Uno va avanzando, descubriendo, encontrando, sin mascaradas, un texto que sin laberintos ni marañas literarias nos confronta con situaciones cotidianas tan profundas, llenas de mensajes, pero con un hondo significado en el hilo de la historia: “Cuando se le pasó el arrebato a la espiritufláutica, apretó con firmeza la barbilla de Lucho y él, dócil y sumiso, le retiró la mano de su rostro, entrelazó sus dedos y tomó la cara de ella con delicadeza, puso sus labios y ¡chuic!, posó un piquito. Se miraron a los ojos por un instante y Lucho la soltó para ir a la tienda”.

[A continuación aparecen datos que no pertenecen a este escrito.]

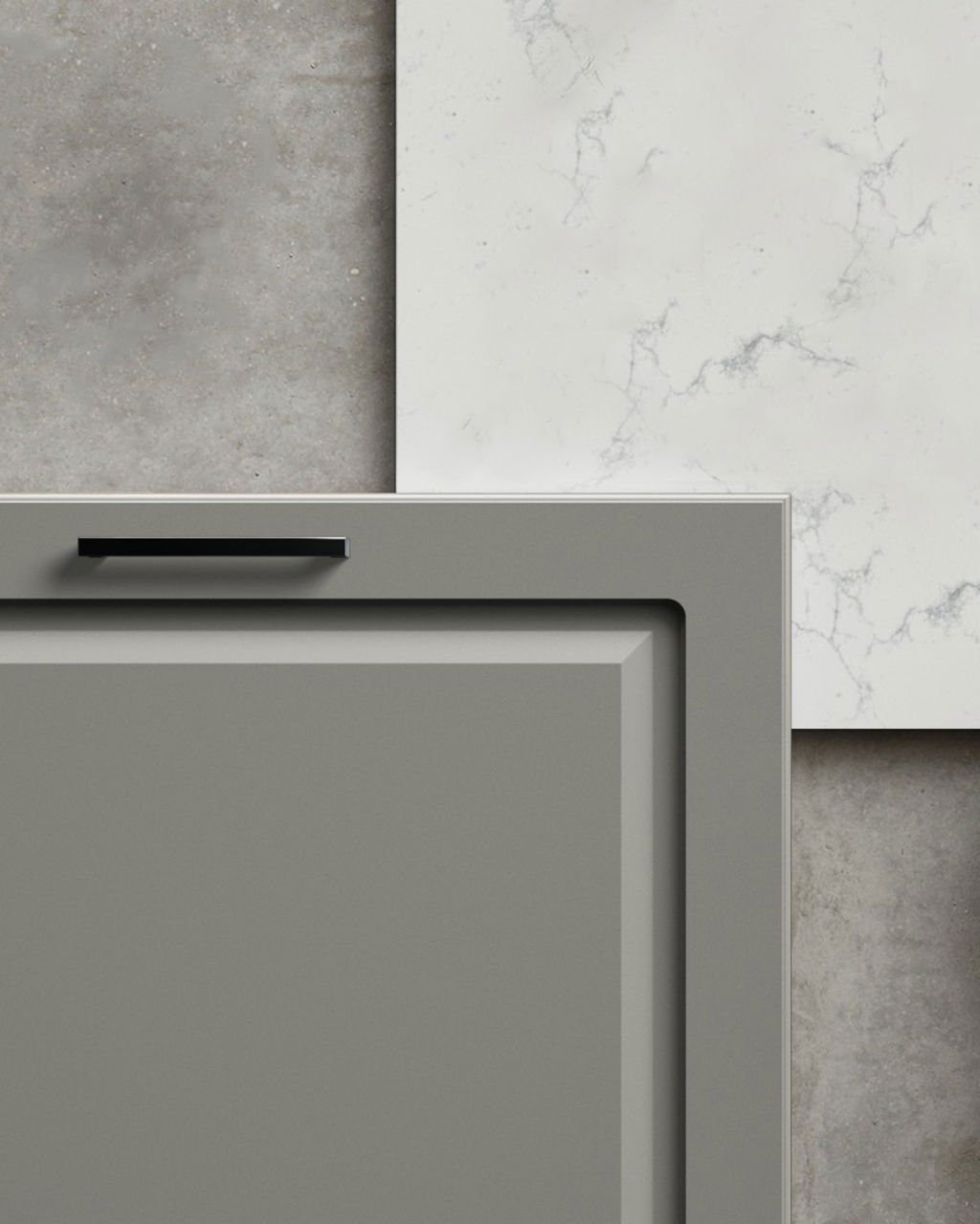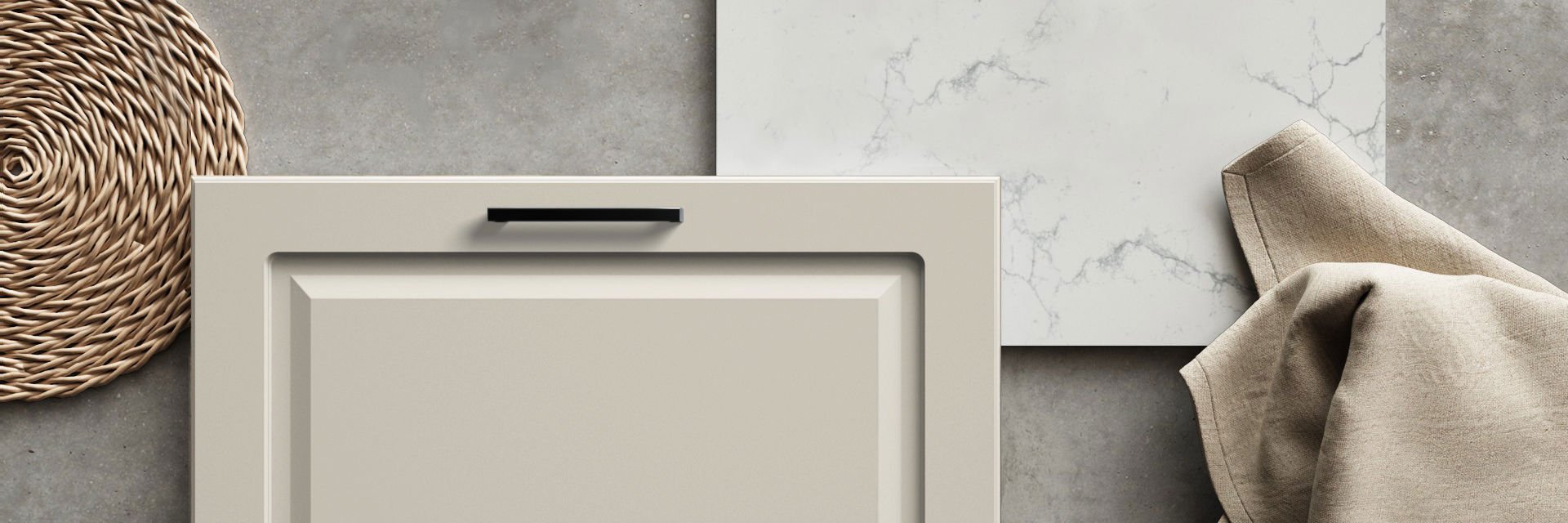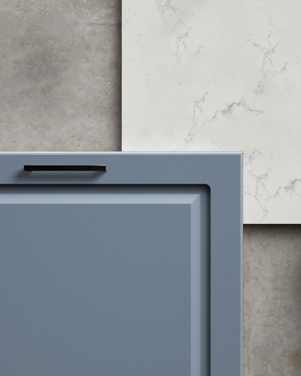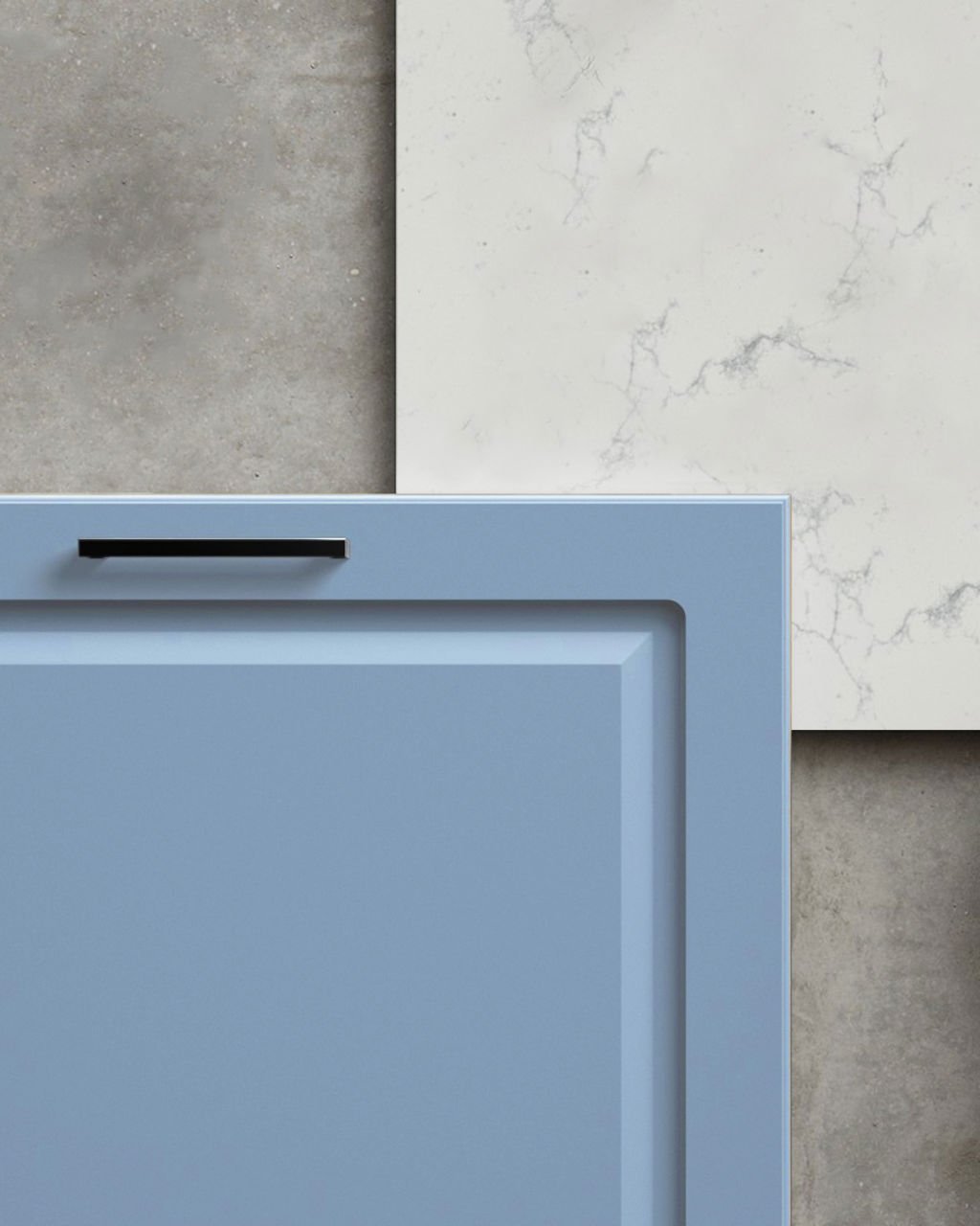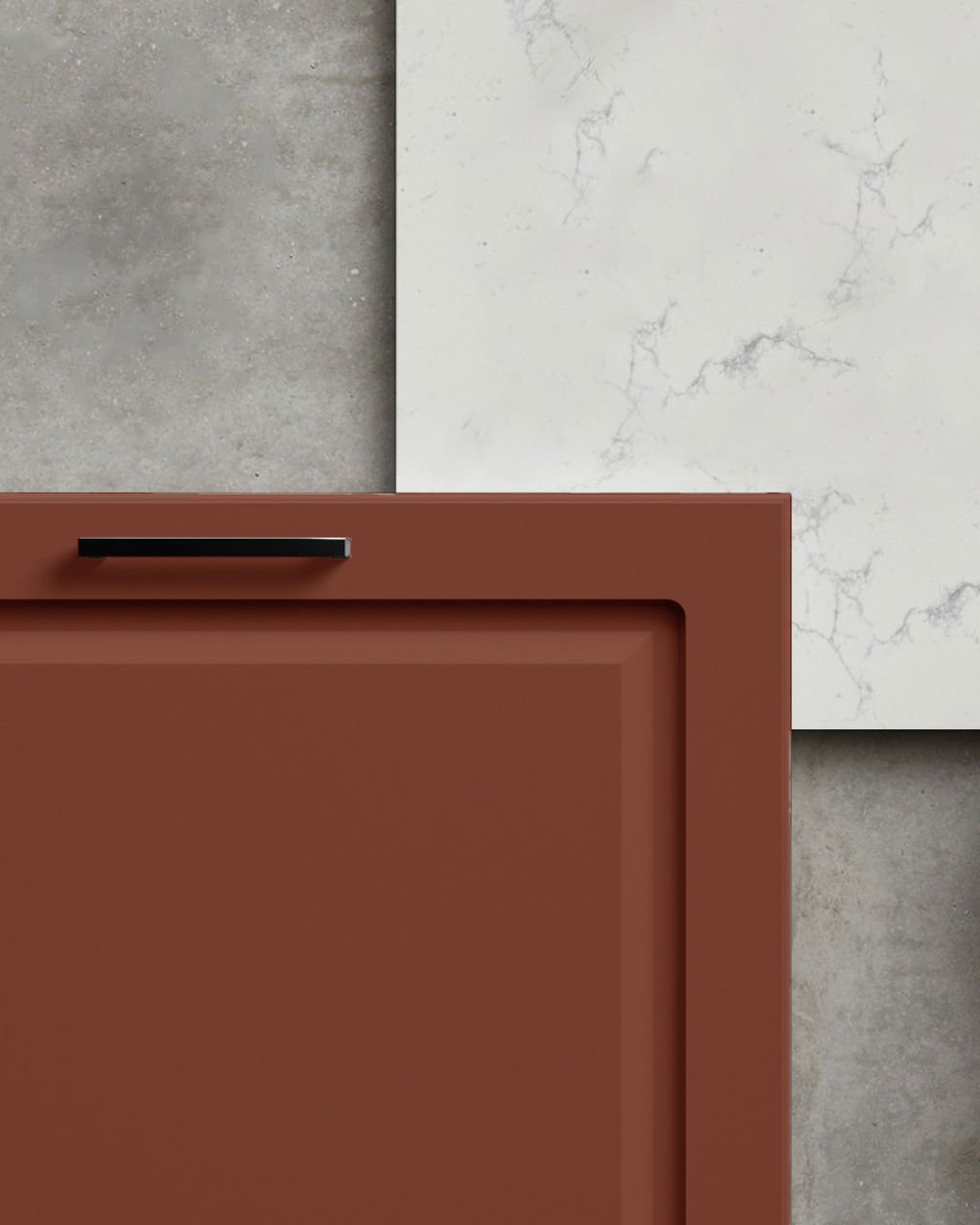 Målad lucka 19 mm MDF-board med fräst profil och svagt rundad kant. Finns också i vitrin med klarglas till högskåp. Kan fås i vitt eller i någon av våra kulörer.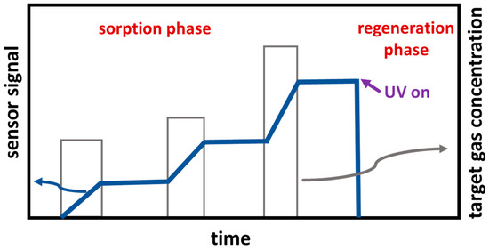 Scheme of the sensor signal of a dosimeter-type sensor with sorption phase and UV-initiated regeneration phase.

Cuando me acerco a las páginas finales de la novela, diversas sensaciones siguen apareciendo, como el piso del proverbio coreano, pues Claudia nos cuenta que “Había creado un ideal de familia y el deseo de que las relaciones fueran tranquilas, alejadas de las envidias que no cruzan el mar Caribe, según su ingenuidad. Pero él, Donaldo del Cristo, se encargó de crear (especialmente para ella) el apocalipsis en el paraíso insular. Mónica no quiere llorar más por la furia y la frustración, y observa detenidamente cómo la luna se apodera de la noche”. Hay más. Sigue la expectativa. Yo ya salté.